Material shown:

+-------+

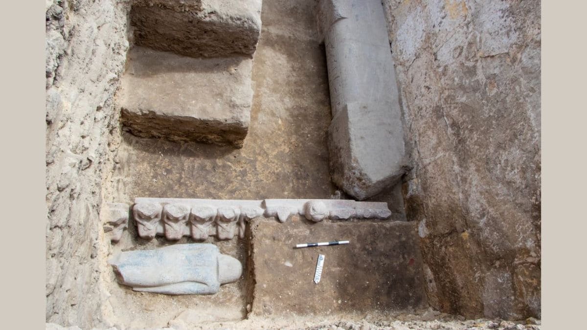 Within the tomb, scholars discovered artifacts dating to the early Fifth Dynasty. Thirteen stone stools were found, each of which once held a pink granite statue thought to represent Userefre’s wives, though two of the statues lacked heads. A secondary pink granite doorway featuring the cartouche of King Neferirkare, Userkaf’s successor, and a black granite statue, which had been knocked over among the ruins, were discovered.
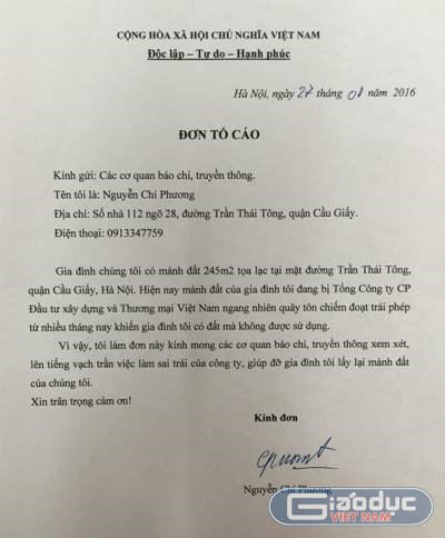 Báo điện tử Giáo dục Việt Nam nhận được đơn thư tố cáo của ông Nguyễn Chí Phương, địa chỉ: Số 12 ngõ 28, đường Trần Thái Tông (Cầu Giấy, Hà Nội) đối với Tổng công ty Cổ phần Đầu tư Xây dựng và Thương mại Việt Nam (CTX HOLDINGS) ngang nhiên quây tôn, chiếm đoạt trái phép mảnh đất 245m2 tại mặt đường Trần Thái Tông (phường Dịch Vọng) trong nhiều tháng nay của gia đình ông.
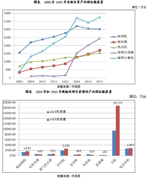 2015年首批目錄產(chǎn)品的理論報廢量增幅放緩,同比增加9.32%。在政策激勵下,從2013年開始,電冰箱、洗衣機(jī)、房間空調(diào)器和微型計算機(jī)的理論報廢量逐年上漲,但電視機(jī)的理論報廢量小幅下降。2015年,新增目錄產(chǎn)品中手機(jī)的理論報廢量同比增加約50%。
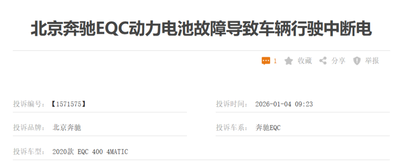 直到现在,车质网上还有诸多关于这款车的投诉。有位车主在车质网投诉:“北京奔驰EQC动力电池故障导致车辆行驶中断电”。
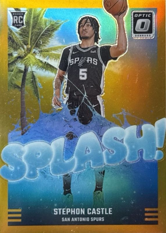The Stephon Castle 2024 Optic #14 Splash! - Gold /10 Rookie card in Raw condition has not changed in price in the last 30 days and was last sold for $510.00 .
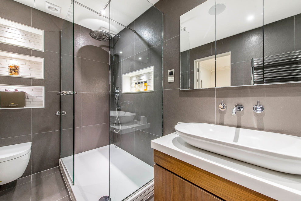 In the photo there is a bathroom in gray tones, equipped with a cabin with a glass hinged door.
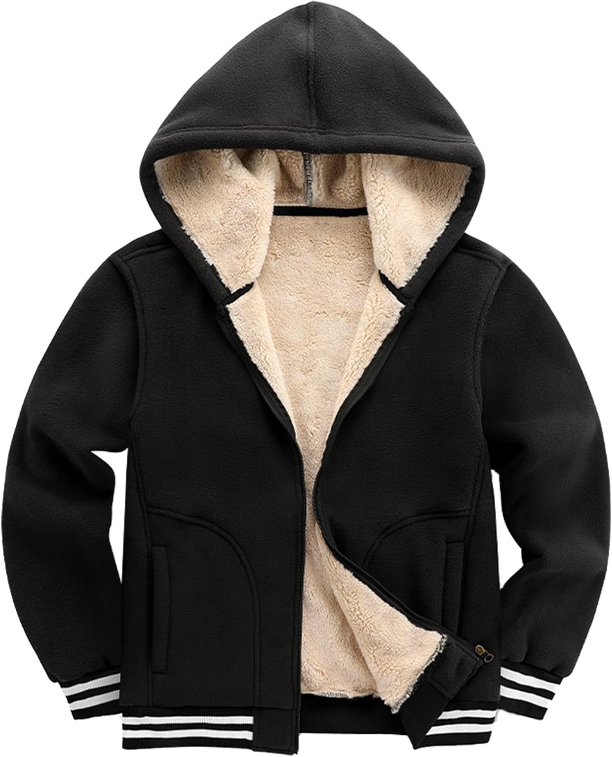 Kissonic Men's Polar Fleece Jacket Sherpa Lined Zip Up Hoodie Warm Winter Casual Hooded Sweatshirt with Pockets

+-------+

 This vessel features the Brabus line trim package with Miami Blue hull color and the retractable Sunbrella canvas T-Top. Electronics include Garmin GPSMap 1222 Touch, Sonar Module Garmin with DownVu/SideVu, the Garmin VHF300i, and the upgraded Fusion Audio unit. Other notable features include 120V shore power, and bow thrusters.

+-------+

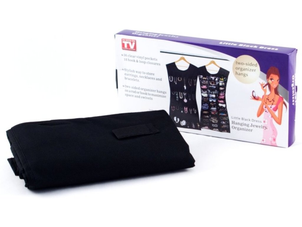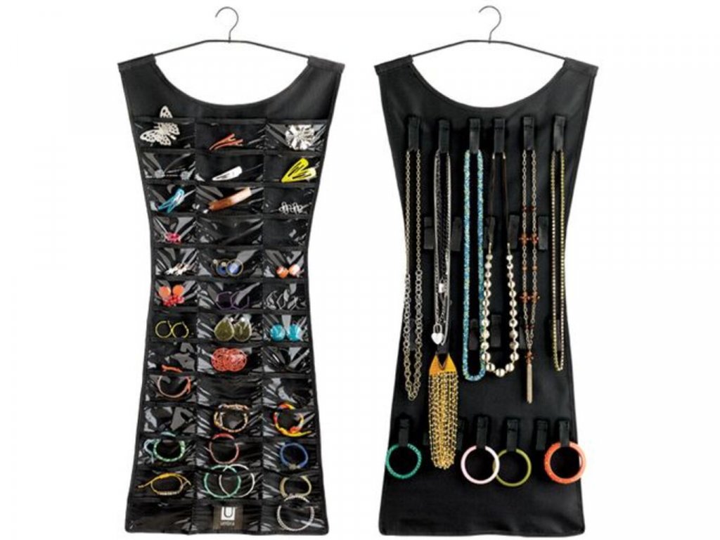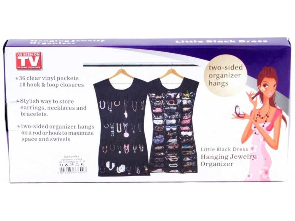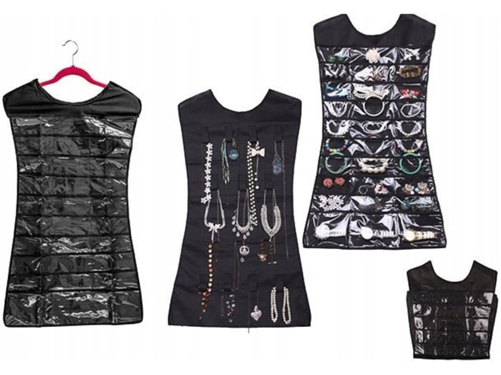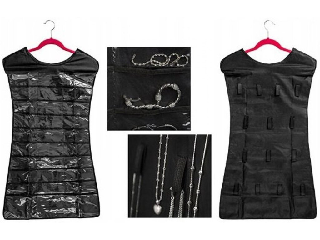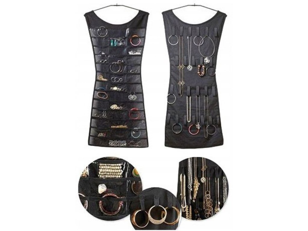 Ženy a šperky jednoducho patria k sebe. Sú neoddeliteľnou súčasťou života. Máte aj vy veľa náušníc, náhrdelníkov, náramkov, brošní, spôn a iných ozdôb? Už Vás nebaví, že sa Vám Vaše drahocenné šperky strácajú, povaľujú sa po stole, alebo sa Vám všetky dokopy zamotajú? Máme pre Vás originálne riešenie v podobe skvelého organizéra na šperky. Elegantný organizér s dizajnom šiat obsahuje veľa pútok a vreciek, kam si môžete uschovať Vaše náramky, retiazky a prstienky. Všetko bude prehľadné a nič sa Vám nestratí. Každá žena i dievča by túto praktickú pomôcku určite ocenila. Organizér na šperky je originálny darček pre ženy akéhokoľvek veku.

+-------+

Problem to work on: Using the data above, retype exactly the lines from the line with "Báo điện tử" to the line with "Kissonic Men's Polar", inclusive. No pictures and nothing else.

Problem solution:
 Báo điện tử Giáo dục Việt Nam nhận được đơn thư tố cáo của ông Nguyễn Chí Phương, địa chỉ: Số 12 ngõ 28, đường Trần Thái Tông (Cầu Giấy, Hà Nội) đối với Tổng công ty Cổ phần Đầu tư Xây dựng và Thương mại Việt Nam (CTX HOLDINGS) ngang nhiên quây tôn, chiếm đoạt trái phép mảnh đất 245m2 tại mặt đường Trần Thái Tông (phường Dịch Vọng) trong nhiều tháng nay của gia đình ông.
 2015年首批目錄產(chǎn)品的理論報廢量增幅放緩,同比增加9.32%。在政策激勵下,從2013年開始,電冰箱、洗衣機(jī)、房間空調(diào)器和微型計算機(jī)的理論報廢量逐年上漲,但電視機(jī)的理論報廢量小幅下降。2015年,新增目錄產(chǎn)品中手機(jī)的理論報廢量同比增加約50%。
 直到现在,车质网上还有诸多关于这款车的投诉。有位车主在车质网投诉:“北京奔驰EQC动力电池故障导致车辆行驶中断电”。
The Stephon Castle 2024 Optic #14 Splash! - Gold /10 Rookie card in Raw condition has not changed in price in the last 30 days and was last sold for $510.00 .
 In the photo there is a bathroom in gray tones, equipped with a cabin with a glass hinged door.
 Kissonic Men's Polar Fleece Jacket Sherpa Lined Zip Up Hoodie Warm Winter Casual Hooded Sweatshirt with Pockets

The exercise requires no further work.